What is RegexEntityExtractor
YAML configuration
Internal working
When and why to use it

What is the RegexEntityExtractor?
The RegexEntityExtractor is a rule-based entity extractor that uses regular expressions to identify entities in user input.
Unlike ML-based extractors, it does not learn from data.
Instead, it works on a very simple principle:

If the text matches a predefined pattern, extract it as an entity.

This makes it:

Deterministic
Fast
Extremely precise (when patterns are well-defined)

Why do we need it?
Not all entities are ambiguous.
Some entities:

Follow fixed formats
Are numerical or structured
Do not benefit from ML generalization

Examples:

Phone numbers
Email addresses
Order IDs
Dates
ZIP codes
Trying to train an ML model to extract these is often overkill.

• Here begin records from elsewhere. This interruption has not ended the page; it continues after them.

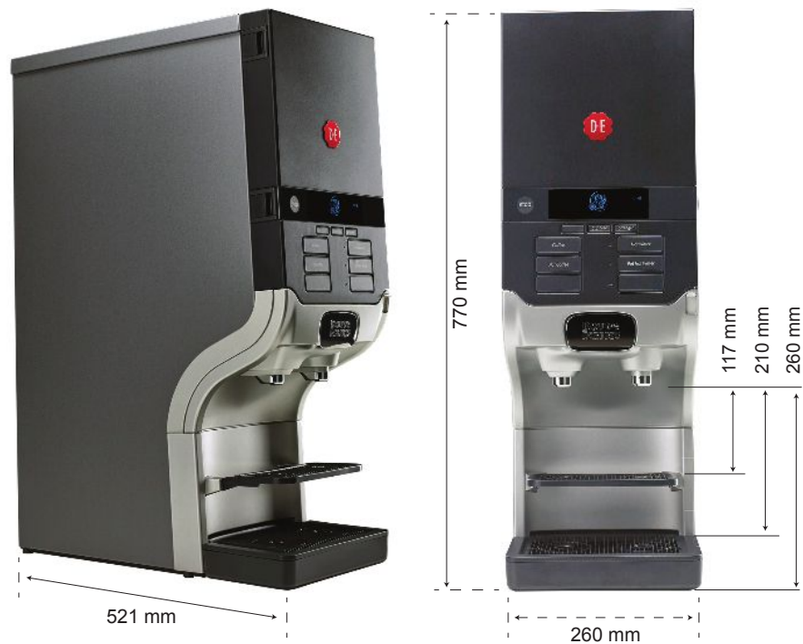
Cafitesse Quantum 110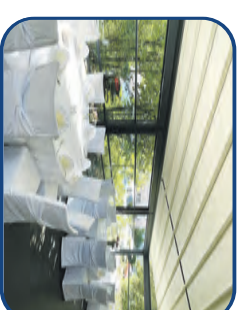
Neuer Sommergarten bis zu 40 Personen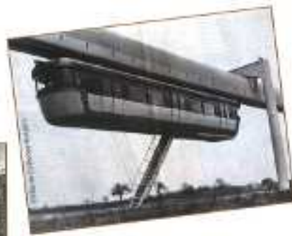
▲ Un projet de métro suspendu passant par Châtenay-Malabry a été envisagé (extraît de la revue générale des techniques > I&L La Génie Civil, 1964, Archives Communales de Châtenay-Malabry, cote 1025-3).

Pour répondre au succès de l'exposition sur les modes de déplacements des Châtenaisiens depuis 1841, présentée au mois de septembre au Pavillon des Arts et du Patrimoine, elle reprend le mercredi 18 octobre, pour un mois.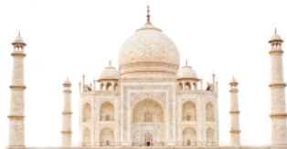
인도의 건축물 타지마할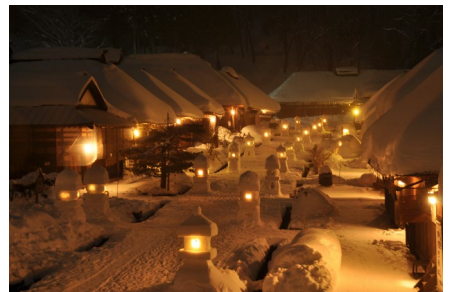
Aizu Ouchi-juku Snow Festival เทศกาลหิมะหมู่บ้านโบราณโออุจิจุกุ 大内宿雪まつり

เทศกาลฤดูหนาวที่จัด 2 วันเต็มในหมู่บ้านโบราณโออุจิจุกุ โคมหิมะอันน้อยใหญ่ที่ภายในมีไฟส่องสว่างไสวงดงาม บรรยากาศที่แสนพิเศษในฤดูหนาว อีกทั้งยังมีการแสดงดอกไม้ไฟให้ชมด้วย ◆ ช่วงเทศกาล : วันเสาร์และอาทิตย์ที่สองของเดือน ก.พ.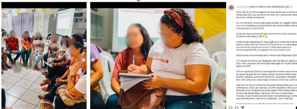
Figura 9 – Roda de conversa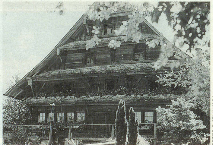
Der im Jahr 1679 erbaute Blockständerbau im Unterdorf.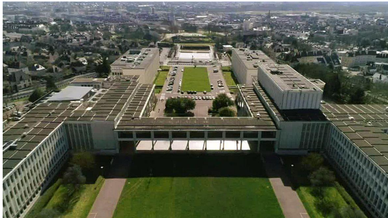
Université de Caen - Campus 1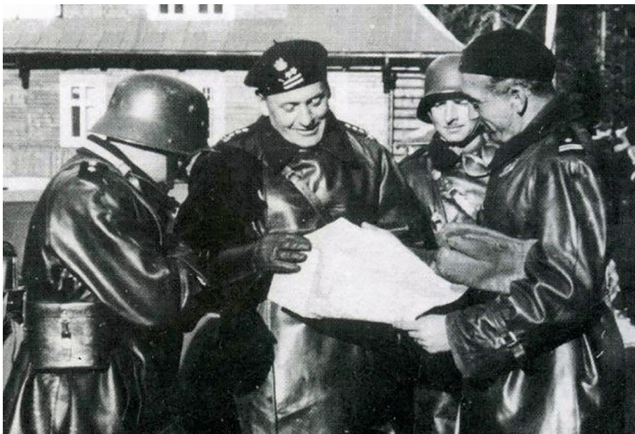
Plk Stanisław Maczek wśród żołnierzy 10. Brygady Kawalerii, 1938 r.

skład wchodziły m.in.: dowództwo, dywizjon przeciwpancerny, dywizjon rozpoznawczy i dwa pułki kawalerii będące w zasadzie zmotoryzowanymi batalionami piechoty – 24. Pułk Ułanów z Kraśnika i 10. Pułk Strzelców Konnych z Łańcuta. Już w okresie mobilizacji dowództwu brygady podporządkowano jeszcze m.in. dywizjon artylerii motorowej, zmotoryzowany batalion saperów, kompanię czołgów rozpoznawczych (13 wozów TKS) i kompanię czołgów lekkich Vickers (16 wozów). Przewidzianego nowym etatem dwukompanijnego batalionu pancernego w sile 32 czołgów lekkich 7 TP nie udało się zrealizować przed wybuchem wojny.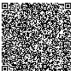
QR код № 1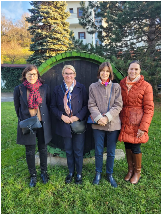
Visite du lycée viticole de Modra avec la directrice et une enseignante d'oenologie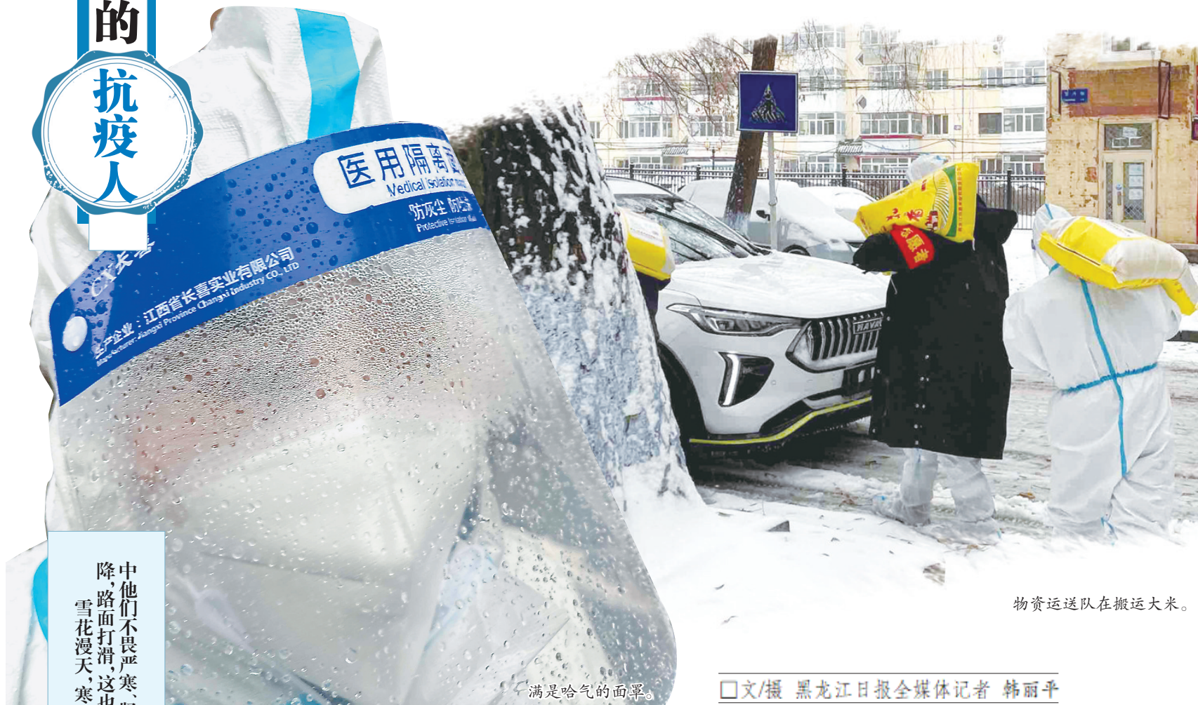
物资运送队在搬运大米。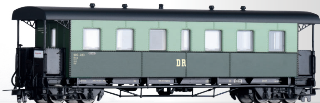
Personenwagen KB4ip „Harzer Roller“ der DR Passenger coach KB4ip „Harzer Roller“ of the DR • Ergänzung zu / Additional to 01174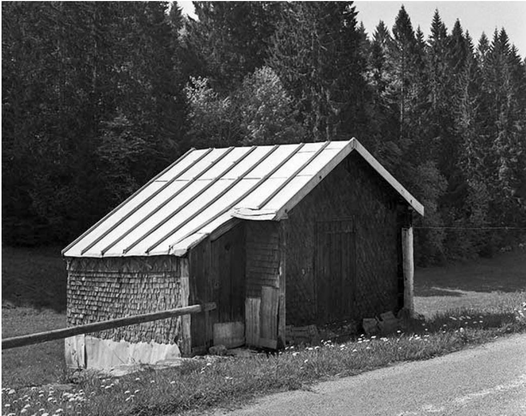
Resserre, appelée " grenier fort ".

39, Longchaumois, lieudit : les Repentys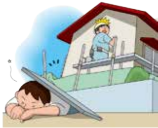
工事中に足場が倒れ、通行人に重い後遺障害をあたえてしまった。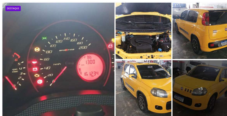
Fiat Uno Sporting 1.4 EVO Fire Flex 8V 4P 2014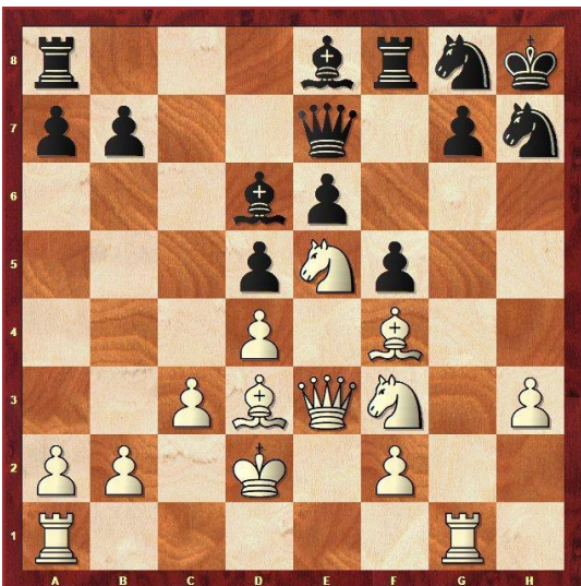
Stelling na 19.Lg5-f4

17...Ld7-e8 18.De2-e3 (ik wil niet dat Jos via Lh5 mijn aanvalstuk Pf3 afruilt) Pe7-g8?! [Beter was 18...Pe7-g6 19.Pe5xc6+ (19.0-0-0 Ta8-c8) 19...Le8xc6 20.Pf3-e5 20...Ld6xe5 21.De3xe5 (21.d4xe5 f5-f4) 21...Dc7xe5+ 22.d4xe5 Ph7xc5 23.Tg1xc5; met +1,3 tegen +2,2 nu] 19.Lg5-f4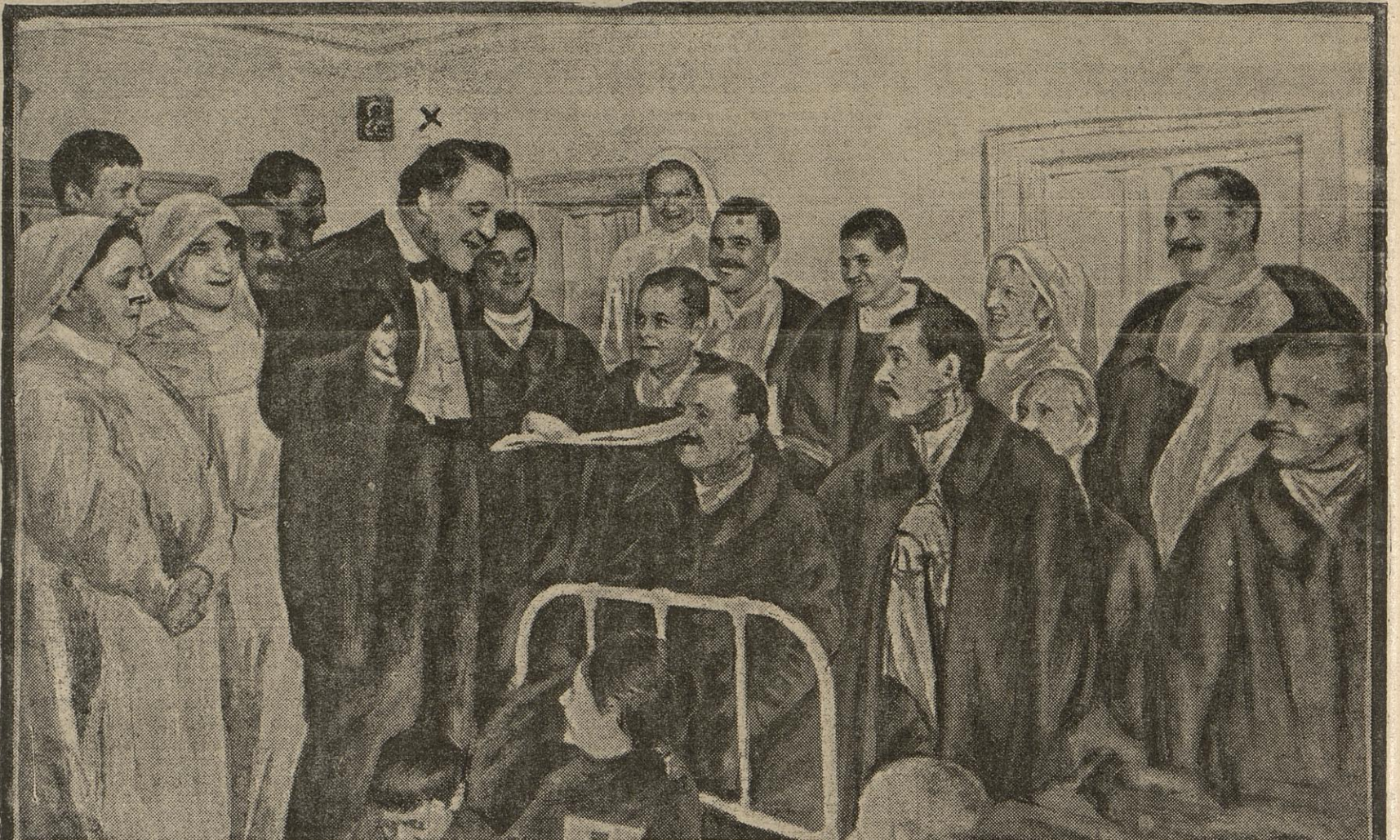
L'ILLUSTRE TRAGÉDIEN LYRIQUE CHALIAPINE (*) CHANTANT DANS UNE AMBULANCE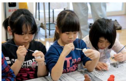
◀はみ出さないように慎重に、慎重に…

今年の干支である猿の土鈴に色を塗っていく児童たち。細かい作業の連続に苦戦しながらも、真剣な表情でオリジナルの土鈴を完成させていました。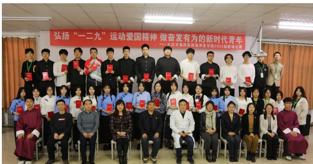
图 10 院校双方共同参加学生组织的活动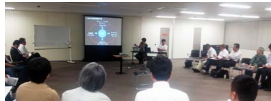
▲7月17日、道頓堀の将来を考える研究会「道頓堀500」を開催。12月まで大小の勉強会5回を開催、鋭い指摘、ユニークなアイデアなど、活発な意見が交わされた。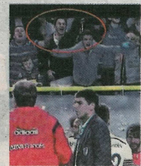
Gestos y cantos. Contra River.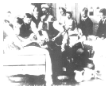
شکل ۱۲: انتقال خون در بیمارستان Bellevue نیویورک (۱۸۷۶) (۳۰)

درمان توسط خون (Hemotherapy) در سیر تکاملی خود از اهدافی مانند خارج ساختن شیطان و ارواح خبیث و کنترل اخلاط چهارگانه به تغییر خلق و خوی بد انسان‌ها رسید و پس از آن در حال حاضر به عنوان علمی جدید در رشته پزشکی به نام طب انتقال خون برای جایگزینی در کمبودهای خونی و به هنگام از دست دادن خون شناخته می‌شود که نیاز به تکامل بیشتری دارد (۲۷).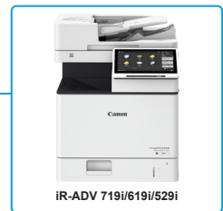
הצבה על שולחן העבודה ללא יחידת גימור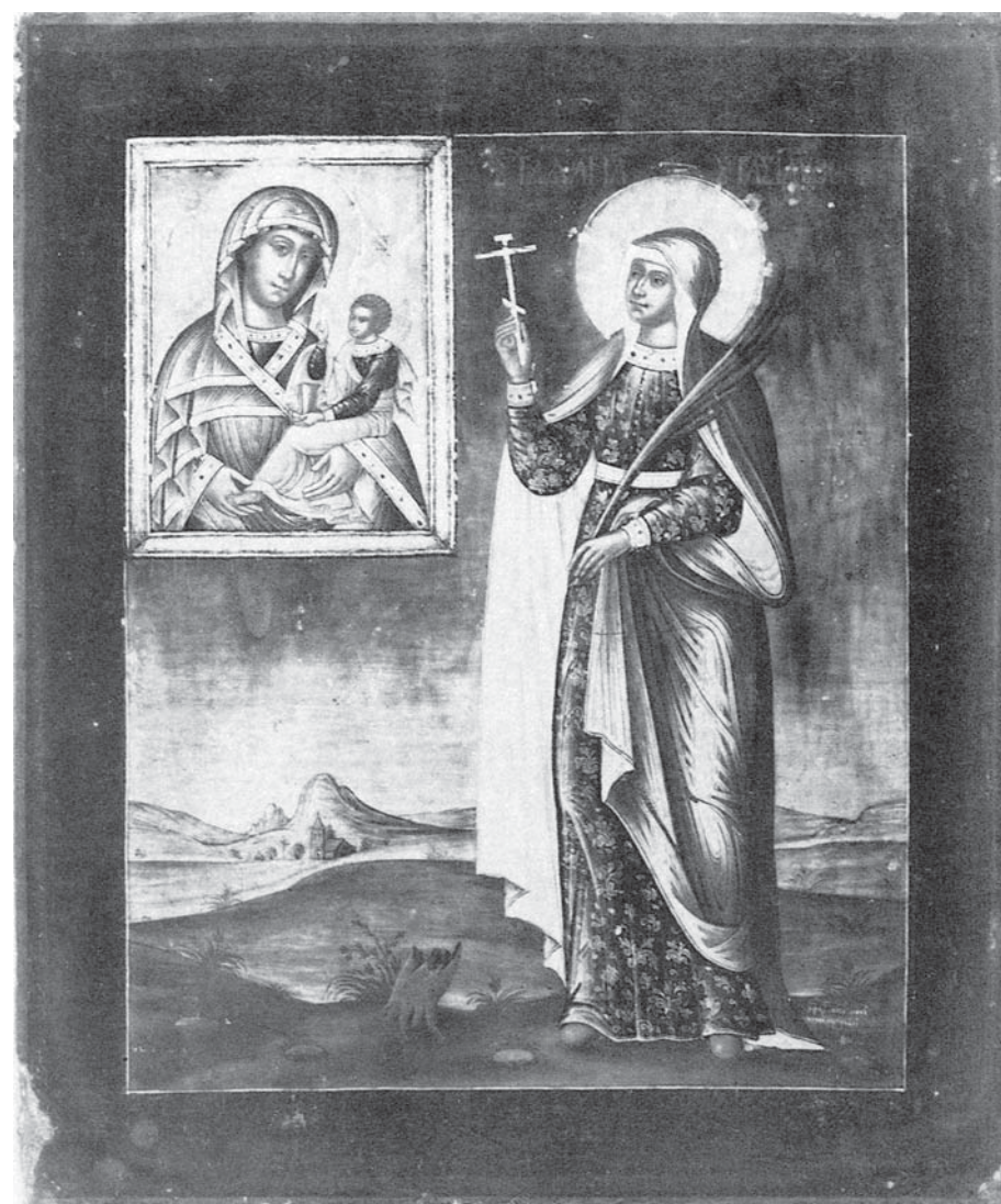
Ил. 7. Анастасия Узорешительница, в молении иконе Богоматери Шуйской-Смоленской. 1724. ГРМ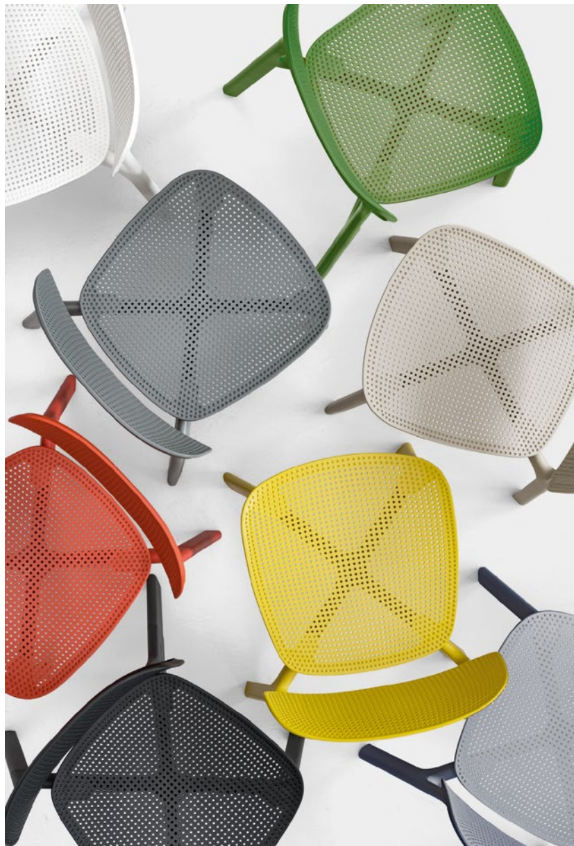
Colander chair Colour palette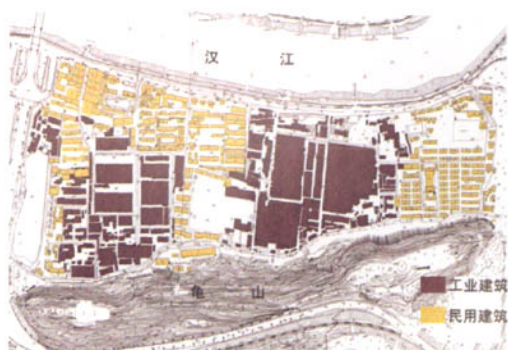
图4 武汉龟北工业建筑与民用建筑分布示意图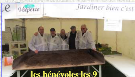
les bénévoles les 9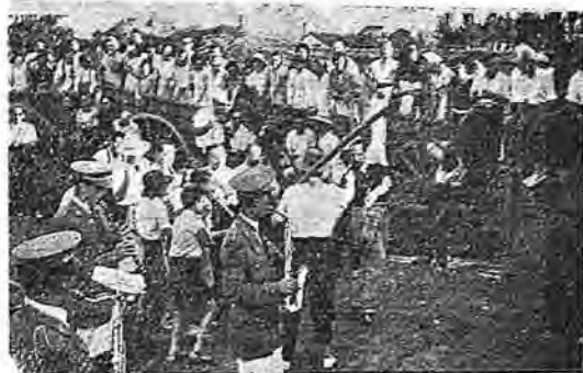
Una fiesta en Arcicóllar

RELIEVE, AGRICULTURA Y GANADERIA. —Todo el término es llano, con ligeras on-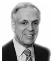
DR. STEVEN ADAMOWSKI

Son muchos los cambios que se han hecho en las Escuelas públicas de Hartford a medida que tomamos los primeros pasos hacia la transformación de nuestro sistema de escuelas, de un distrito de bajo rendimiento continuo hacia uno en el cual los alumnos de Hartford rinden al mismo nivel de los demás alumnos del estado.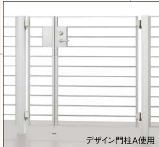
デザイン門柱A使用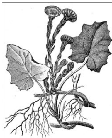
Мать и мачеха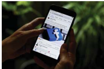
• نشأت نزاعات عدة في مختلف أنحاء العالم بين «ميتا» ومشرّعين ومؤسسات إعلامية

وأكدت المجموعة في مقال على مدونتها أنّ قراره الأخير ومشاركها مستقبان متاحتين للمستخدمين من خلال شريط التوظيف التي أوضحت أنها لن تأخذ على عاتقها من اليوم فصاعداً علامة التويب الأخبار ولن تعقد اتفاقات مع ناشري الأخبار لتوفير المحتوى في هذه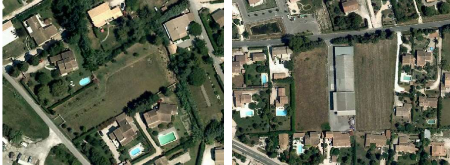
Terrain vague en milieu urbanisé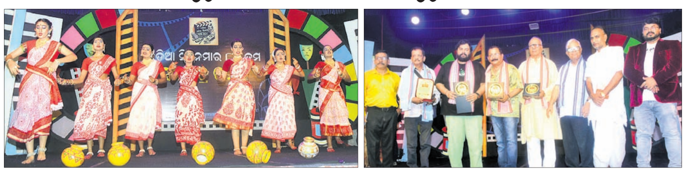
ଉତ୍ତରରେ କଳାକାରମାନେ ସାଂସ୍କୃତିକ କାର୍ଯ୍ୟକ୍ରମ ପରିବେଷଣ କରୁଛନ୍ତି। ଅତିଥିକ ଗହଣରେ ସମ୍ବର୍ଦ୍ଧିତ ବ୍ୟକ୍ତି।

ପୁରୀ ୨୭୮୪ (ଅଧିକ ମହାତି) ଓଡ଼ିଆ ଭାଷାଭିତ୍ତିକ ପ୍ରଦେଶ ଗଠନ ପରେ ପୁରୀ ଲକ୍ଷ୍ମୀ ଚଳଚ୍ଚିତ୍ର ପ୍ରଥମ ଓଡ଼ିଆ ଚଳଚ୍ଚିତ୍ର ସାତାଦିବାହ ୧୯୩୬ ଏପ୍ରିଲ ୨୮ତାରିଖରେ ମୁକ୍ତିଲାଭ କରିଥିଲା। ଓଡ଼ିଆ ଚଳଚ୍ଚିତ୍ର ମୁକ୍ତିଲାଭ ୮୮ତମ ବର୍ଷ ପୂର୍ତ୍ତି ଉପଲକ୍ଷେ ଶନିବାର ଅନୁଷ୍ଠିତ ରଙ୍ଗମଞ୍ଚରେ ସିନେମା ମହୋତ୍ସବ ଅନୁଷ୍ଠିତ ହୋଇଯାଇଛି। ଏହି ଉତ୍ସବରେ ଉତ୍କଳୀୟ ସଂସ୍କୃତି, ପରମ୍ପରା ଓ ଓଡ଼ିଶାର ମୌଳିକ କଥାବସ୍ତୁକୁ ନେଇ ଚଳଚ୍ଚିତ୍ର ନିର୍ମାଣ, ଶ୍ରୀଜଗନ୍ନାଥଙ୍କ ଶ୍ରୀକ୍ଷେତ୍ର ସମେତ ଓଡ଼ିଶାର ବିଭିନ୍ନ ସ୍ଥାନରେ ନୂତନ ଫିଲ୍ମ ହଲ୍ ନିର୍ମାଣ ଓ ଭଗ୍ନ ସିନେମା ହଲ୍‌ର ପୁନରୁଦ୍ଧାର

YAML Configuration Example
Regex patterns are defined directly in your NLU YAML file.

version: "3.1"

nlu:
  - regex: phone_number
    examples: |
      - abc@gmail.com
      - xyz@gmail.com

Pipeline Configuration
To enable it, the extractor must be added to your pipeline:

pipeline:
  - name: WhitespaceTokenizer
  - name: RegexEntityExtractor

Internal Working
At a low level, the RegexEntityExtractor works as follows:

Takes the raw user message
Iterates over each regex pattern defined in YAML
Applies the pattern to the text
If a match is found:
- Extracts the matched substring
- Assigns it as an entity
- Stores start and end character indices

Consider the example:

"My phone number is 9876543210"

Then the entity extracted is:

{
  "entity": "phone_number",
  "value": "9876543210",
  "start": 19,
  "end": 29
}

Combining with Entity Synonym Mapper
A very common pattern is:

RegexEntityExtractor extracts the entity
Entity Synonym Mapper normalizes it

This combination gives:

Precision
Consistency
Clean downstream data

When should RegexEntityExtractor be used?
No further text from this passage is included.